Geriatric OE

The weekly musing of a couple of Kiwis on their geriatric OE in The UK






Tuesday, 5 June 2012

A walk in the park...


I have to be pretty pleased that we didn’t actually get away for the weekend. The weather has not been great and it would have been no fun at all to be tourists in the rain in York. Instead we have made a few future holiday bookings and no I’ll not be writing anything about them until they are absolutely definite.
Yesterday I gave my back a bit of a tweak and did wonder if it would upset my night’s sleep, but fortunately id didn’t. It’s bad enough that I don’t sleep that well anyway without adding to the reasons for me to wake up. It was a bit tricky getting out of bed, but once I started to move it got better. After a very late brekky we decided that a walk was the order of the afternoon and turned left out of our gate and kept going. Past, well almost past an old church and cemetery. I say almost because I find them just too hard to walk past. The Man and I wandered among the gravestones, stopping to read the stones. Many bearing the names of several children in the same family. Dying young in those days was pretty commonplace. I think it is sad that there is no one to take care of the stones and say their names aloud anymore. One very well cared for grave held the remains of a chap Called Robert Fitzroy who died in 1865. I looked him up on Google when we got home.

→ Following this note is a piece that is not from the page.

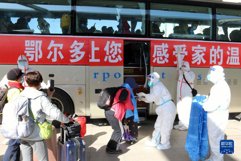 站臺(tái)外,一輛輛掛有“人民至上,生命至上”“鄂爾多斯讓您感受家的溫暖”等橫幅標(biāo)語的大客車旁,寫有“伊金霍洛歡迎您”“康巴什歡迎您”“東勝歡迎您”的標(biāo)識(shí)牌,十分醒目。

Briefly: On 25 June 1831 he was appointed commander of the Beagle, sparing no expense in fitting out the ship.Very conscious of the stressful loneliness of command...he approached someone in the British Admiralty…to find a suitable gentleman companion for the voyage.Such a companion should share his scientific tastes, make good use of the expedition's opportunities for naturalism research, dine with him as an equal, and provide a semblance of normal human friendship.Fitzroy eventually approved Charlie Darwin for the post.
 Not only that, he has a connection with NZ. Following the death of NZ’s first governor, Hobson, Fitzroy got the job. Commemorated in may place names, and  In 2010 NZ’s National Institute of Water and Atmospheric Research (NIWA) named its new Supercomputor "Fitzroy" in his honour.


 Further along we found a very tranquil 
wooded park to wander through,
and in the middle was South Norwood Lake.
 It is man-made and was originally intended to
 feed water into a canal that inked Croydon with
 London. When the canal had passed its useful
 life it was filled in and became the railway line.
 The lake itself was pretty much neglected until
 a water sports body revitalised it in 1881.
 Now it is the home of many water birds
 and shares the water with the local sailing club.
Here on the left is The Man, enjoying a spot of bush walking










The Lake is a very pretty spot 



Home to lots of different waterfowl and their babies.


I spotted this interesting sign as we were leaving the park.